Thanks to Uber’s misadventures, self-driving cars have been hitting the headlines lately. But how much do we know about how they work and are they truly all they’re cracked up to be?
How it works
Self-driving cars are built around a sophisticated combination of three separate technologies – sensors, connectivity and software/control algorithms.
We’re already familiar with sensors thanks to advanced safety features like blind-spot monitoring, lane assistance and forward collision warning. Throw in sensors for radar, ultrasonics and cameras and you’ve got all the tech you need for fully autonomous driving.
When it comes to safe self-driving tech, the devil is in the data. Connectivity supplies all the info self-driving cars need to keep us safe on the road – things like the latest traffic, weather, surface conditions, construction, maps and road infrastructure.
Last but not least, software/control algorithms capture the data from sensors and connectivity and make decisions about steering, braking, speed and route guidance on our behalf. Given the unpredictability of the driving environment and the number of scenarios the software must take into account, this is by far the most complex part of the self-driving equation.

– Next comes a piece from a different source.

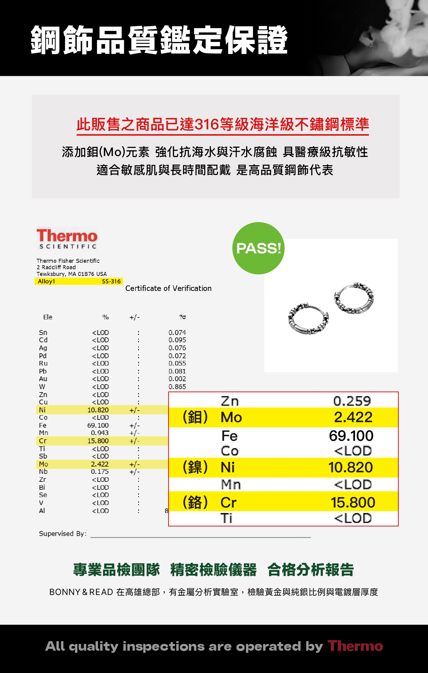 ● 耳針材質:316 不鏽鋼
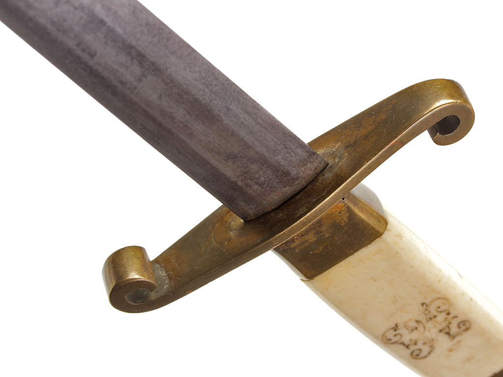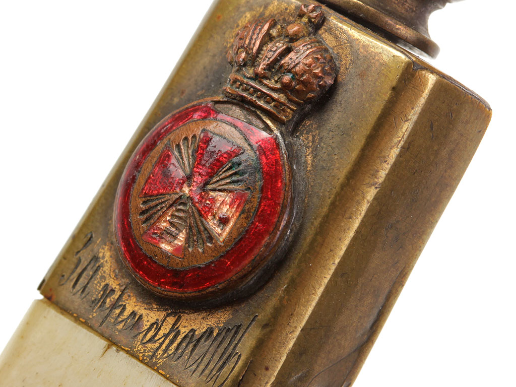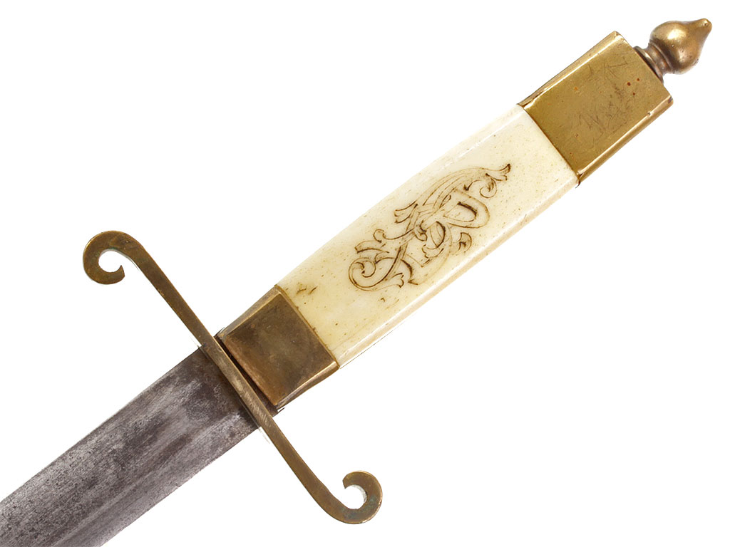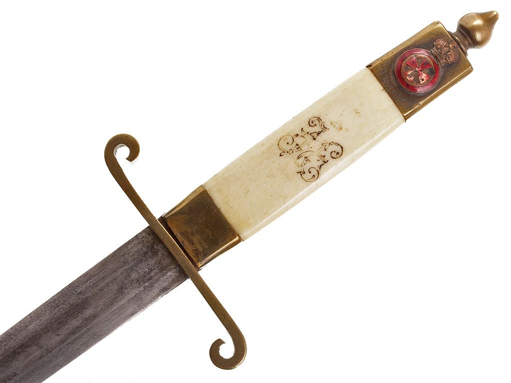 Рукоять из слоновой кости, образована двумя плотно подогнанными щечками. С лицевой стороны рукояти - гравированный по кости вензель императора Николая II (корона над ним затерта после Февральской революции). На внутренней стороне рукояти выгравирована монограмма владельца "АВ". Прибор рукояти латунный, в недоступных для чистки местах сохранились следы золочения. На верхней втулке помещен миниатюрный знак ордена Св.Анны IV степени, а под ним (крайне необычное размещение надписи) - гравированная надпись "За храбрость". Гарда S-образная, достаточно тонкая.

Supporters of self-driving cars argue they’re safer than we humans will ever be. They’re not easily distracted, don’t act on impulse and aren’t unduly affected by stress. Other obvious pros include a reduction in traffic accidents and drunk driving, easy access for older and disabled drivers and more traffic on the road thanks to sensors allowing cars to travel more closely behind one another.
Besides the legal minefield of who is responsible in the event of an accident, other cons include cost, providing adequate security against potential hackers and weather conditions wreaking havoc on sensors located on the exterior of the car.
Whether you’re in or you’re out, self-driving technology is destined to become part of our future. The only question that remains is how long it’ll take to become our ‘new normal’.